Abstraction is a major driving force of progress. By finding solutions that are more and more general, we can increase the scope of our practical and theoretical knowledge.
It is from this perspective that I have approached Glen's impressive work at Agoraphilia. When it looks like half of a roll of toilet paper is left (based on the change in the radius of the roll), Glen asked, how much of the tp is really left? Using measurements he took of a typical roll, (4 cm in tube diameter and 10 cm in total diameter), Glen found that the answer was about 39% (or, more precisely, 11/28). He then generalized his result to the case where the apparent proportion of roll used is a variable, X. Then the actual fraction of remaining toilet paper, Y, is
Y = [(3X + 2)^2 – 4]/21
In the interest of peer review and further generalization, I treated both the radius of the tube, r, and the radius of the entire roll, R, as variables. Then, using only geometry (calculations of the volumes of cylinders), Y can be found to equal:
Y = [(X^2)(R - r) + 2Xr]/(R + r)
Though it isn't obvious, this formula simplifies to his formula when R = 5 and r = 2. It also verifies Glen's claim that his formula is correct when both r and R change proportionally, since both the numerator and denominator are linear in r and R. That also means that it doesn't matter if you use centimeters or inches or some other unit, or if you measure the diameter or the radius, as long as you're consistent in your choices.

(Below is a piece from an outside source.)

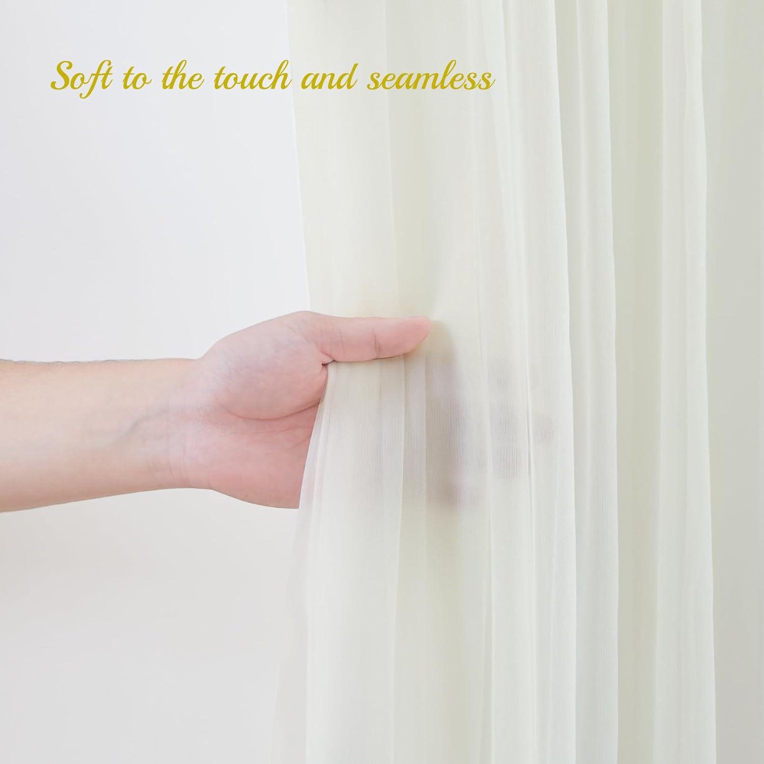 - 【Elegant Sheer Draping Fabric】Our ivory backdrop curtain are crafted from high-quality delicate soft and smooth tulle.The fabric is so dreamy. It's like a semi sheer dress that flows in the wind, so romantic. And it's also lightweight to wear, the wind was able to blow it for a dramatic effect.

As a test case of this formula, I calculated Y for a roll with a 10" diameter and a 1.625" diameter core, which fits the Surface Mounted Jumbo - Roll Toilet Tissue Dispenser. In that case, when it looks like half of the roll is gone, in reality only [(.5^2)(10 - 1.625) + 2(.5)(1.625)]/(10 + 1.625) = 32% remains. And when it looks like 10% of the roll is still left, there's actually only 3.5% of a roll on the tube.
Chalk another one up for progress.
Update: The fact that changing r and R proportionally does not change Y means that the general formula for Y can be simplified further. Let T be the the ratio of the total diameter of the toilet paper roll to the diameter of the tube, T = R/r. Then
Y = [2X + (T - 1)X^2]/(T + 1)